Since there are only 4 characters in DNA strings, we don’t need 8 bits to encode them — just two bits would do:
let dna_encoding_size = 2
We can the implement the encoding from DNA characters to 2-bit integers and vice versa:
let dna_encoder = function | 'A' -> 0 | 'C' -> 1 | 'G' -> 2 | 'T' -> 3 | _ -> raise (Failure "DNA encoding error") let dna_decoder = function | 0 -> 'A' | 1 -> 'C' | 2 -> 'G' | 3 -> 'T' | _ -> raise (Failure "DNA decoding error")
Let us now implement the binary serializers/deserializers for DNA data using this format. This can be accomplished using the general binary-manipulating primitives defined above.

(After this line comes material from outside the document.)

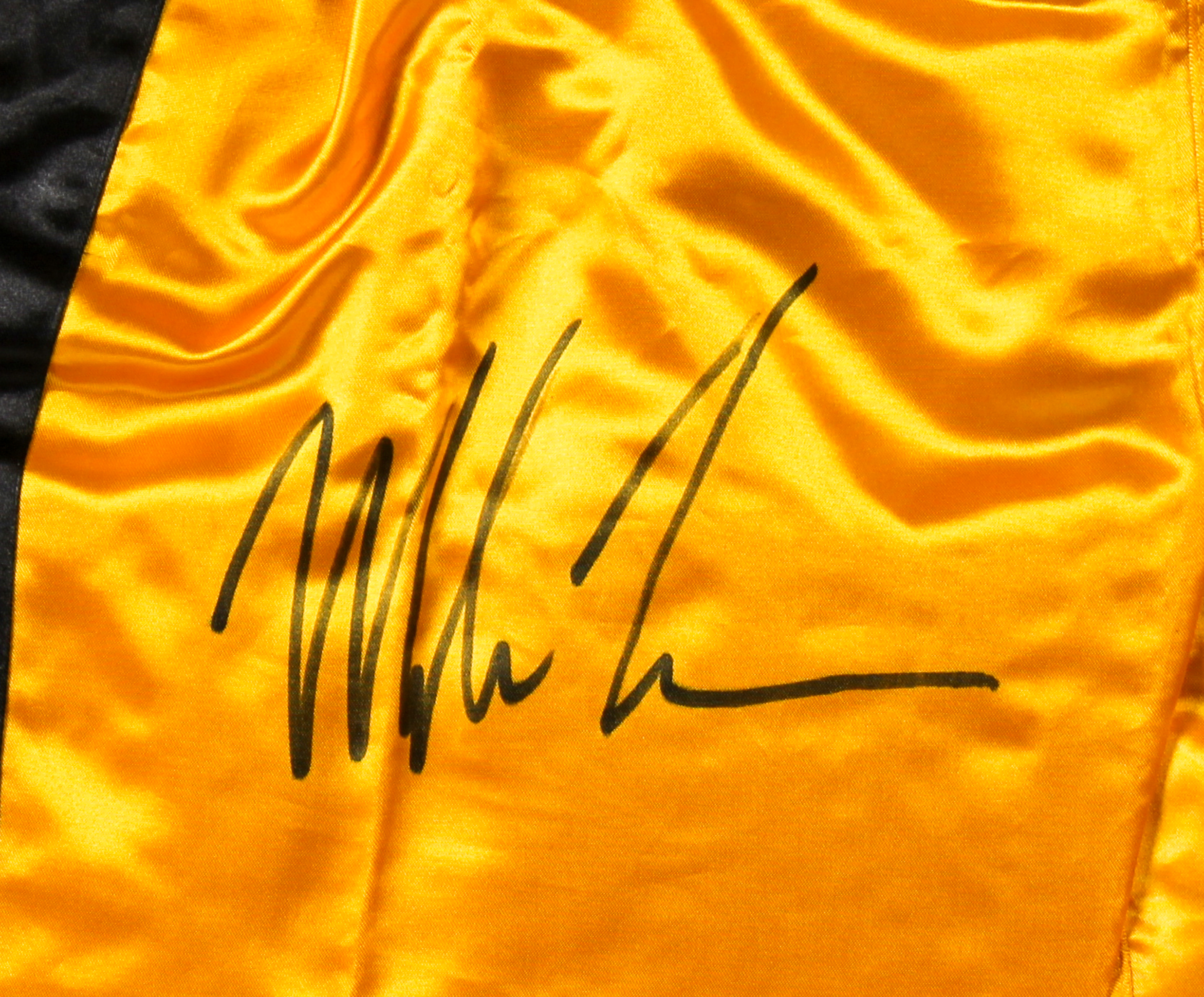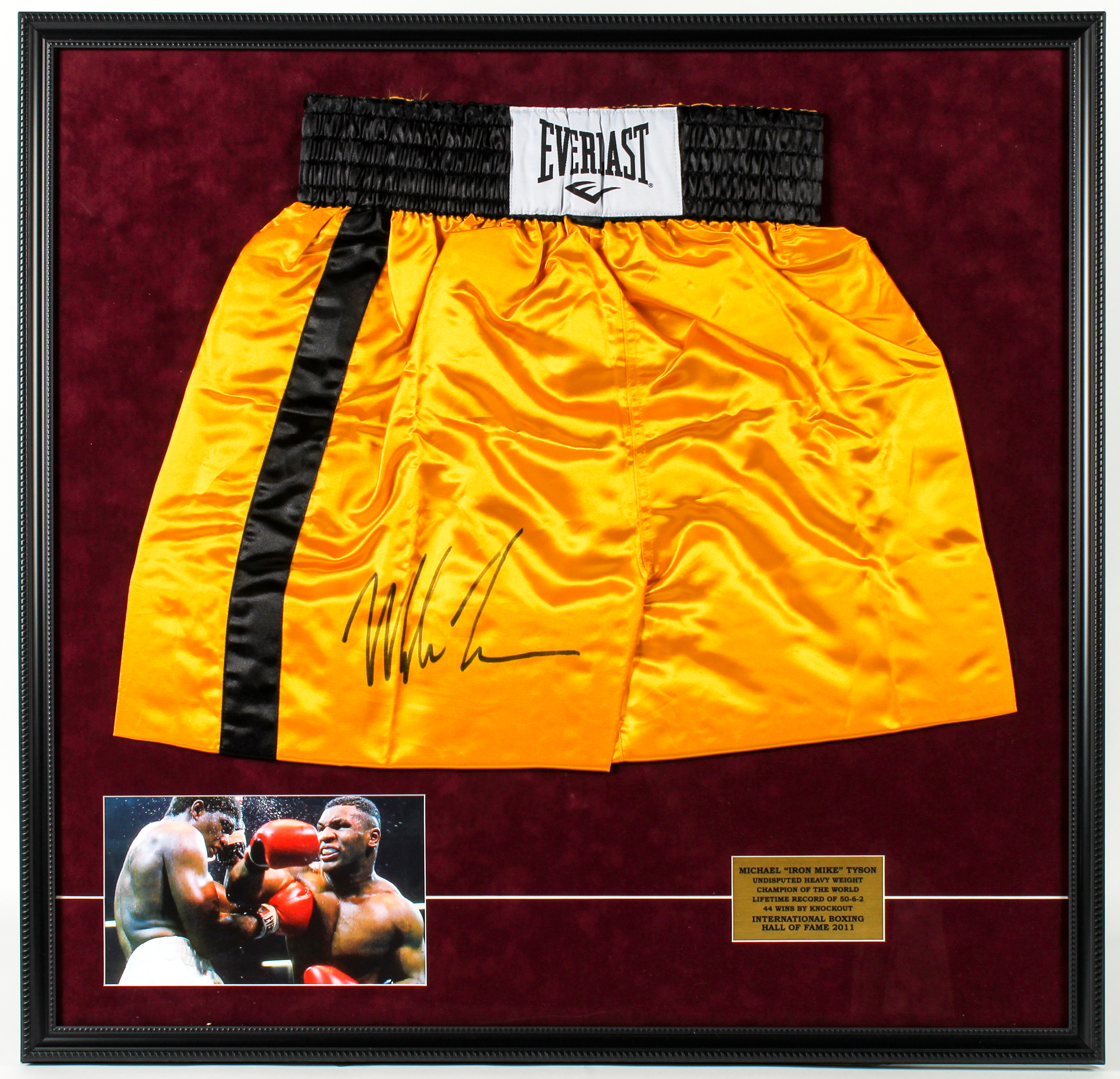 Custom frame measures 30.5" x 32" in size and features a pair of Everlast boxing trunks that have been hand-signed by Mike Tyson (HOF).

The writing procedure starts by putting a header to the bit file of
size 30 (the largest size of a bit-sequence supported by
Extlib.IO), which is a serialised integer indicating the length of
the following sequence of 2-bit encoded DNA characters. We did not
need to put this information for 8-bit strings, but need it here
because of the file padding via
let write_dna_to_binary filename text = let serialize out text = let size = String.length text in write_bits out ~nbits:30 size; for i = 0 to size - 1 do let ch = dna_encoder text.[i] in write_bits out ~nbits:dna_encoding_size ch; done in write_to_binary serialize filename text
The deserializer proceeds by first retrieving the header and learning the length of the stream of 2-bit characters, and then using this information to read the DNA string into a buffer and return it as an OCaml string:
let read_dna_from_binary filename = let deserialize input = let buffer = Buffer.create 1 in let input_length = read_bits input 30 in for _ = 0 to input_length - 1 do let bits = read_bits input dna_encoding_size in let ch = dna_decoder bits in Buffer.add_char buffer ch done; Buffer.contents buffer in read_from_binary deserialize filename
We can now test our compression/decompression procedure for DNAs:
let dna_compression_test d = let filename = "dna.tmp" in write_dna_to_binary filename d; let d' = read_dna_from_binary filename in Sys.remove filename; d = d'
Question: How can we see if the compression is beneficial?